Costs of Doing Business in Brazil

Supply constraints limit growth potential
Brazil’s growth potential is closely linked to insufficient supply capacity, which can be blamed on the low level of gross investment rate over the past 15 years (less than 22% since 1991). Productivity gains have also been limited over the last four decades by poor quality education and infrastructure.

Public investment has long been constrained by the need to reduce fiscal deficits and cover the needs of an increasingly expensive social security system. In the private sector, investment is still impeded by an unfavourable “business” environment, as defined by the World Bank, including inadequate infrastructure, regulatory uncertainty, complex administrative and legal proceedings, and very heavy taxation. Hefty regulations particularly in the resource sector have added to costs as has the shortage of financing,

Moreover, lending terms are still very tight for private investors even though they have eased since 2003. The cost of lending is still extremely high (averaging 27% for companies and 54% for individuals in September 2007) and long-term domestic financing remains scarce, both by international and regional standards. Capital markets also play a relatively small role in financing private investment (bonds cover less than one fifth of gross investment).

As a result, companies mainly rely on self-financing and, for the largest ones, on foreign financing. Major reasons behind domestic bank credit rationing (low volumes, high costs) include:
- Insufficient national savings, which stood at 23% GDP in 2007 (up from 19% in 2005). Savings are low due the public sector’s failure to generate net positive savings and the low level of household savings (roughly estimated at 10% of GDP in 2007). Consequently, private enterprises are the main contributors to national savings, notably through self-financing.
- Crowding-out effects associated with heavy public sector financing needs, which reduce the pool of bank funds available for lending to the private sector and raise domestic interest rates. Crowding out effects have tended to ease over the last two years (which has contributed to the recent rise in bank lending to the private sector), but are still significant. Net bank claims on the public sector represented 40% of total domestic lending in July 2007 (including deposit-taking banks and the central bank), down from 49% in 2004.
- Specificities of the Brazilian banking market. Through high intermediation margins, banks offset the cost of very heavy taxation, structurally high administrative expenses and the obligation to allocate a significant portion of assets to “earmarked” loans aimed at financing priority sectors. Earmarked loans (with regulated interest rates) currently account for 32% of total bank loans, and consist mainly of loans from the BNDES development bank (19%) and loans for housing and the rural sector (12%).
- High credit risks are still inherent to Brazil’s macroeconomic and institutional environment. They constrain lending activity and drive up intermediation margins and lending rates. Things have recently started to change following legal reforms in the banking sector. Introduction of the new bankruptcy law in late 2004 has tended to improve creditors’ rights when a borrower defaults. According to World Bank data on the business environment, the time needed to complete bankruptcy procedures fell from 10 years in 2004 to 4 years in 2006 (which is still worse than the regional average of 2.6 years). The recovery rate for creditors at the end of bankruptcy proceedings rose from less than 1% of commitments to 12% (which is still lower than the regional average of 13.6%).

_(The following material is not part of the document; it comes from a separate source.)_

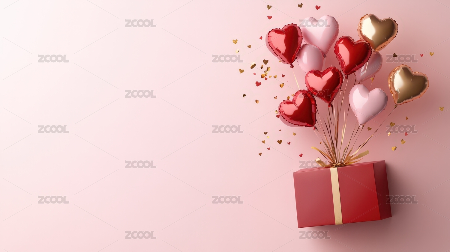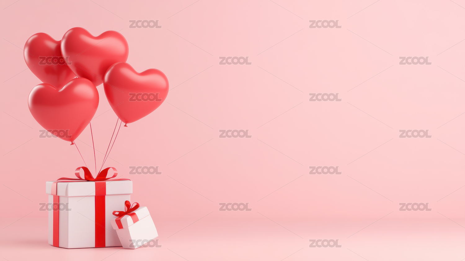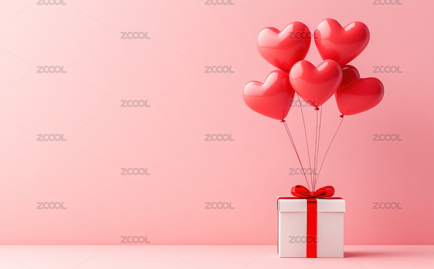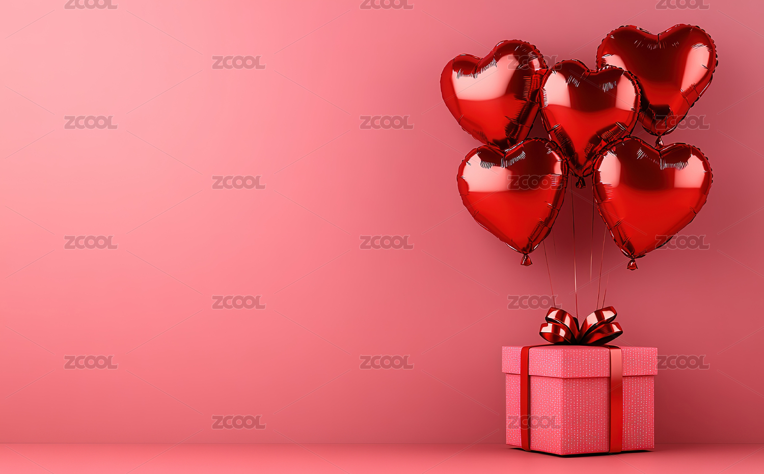 圣诞节爱心形状气球挂着粉色礼盒插画

In turn, the recent expansion in credit to the private sector, Brazilian banks seem to be willing to lend more to consumers and companies as soon as institutional barriers are removed – and as long as the macro-financial environment remains stable. This may lower capital costs going forward

Increasing Brazil’s growth potential will require additional institutional reforms (to simplify bureaucratic procedures, strengthen regulatory security and encourage private investment), labor market reforms, the development of infrastructure and massive spending on education.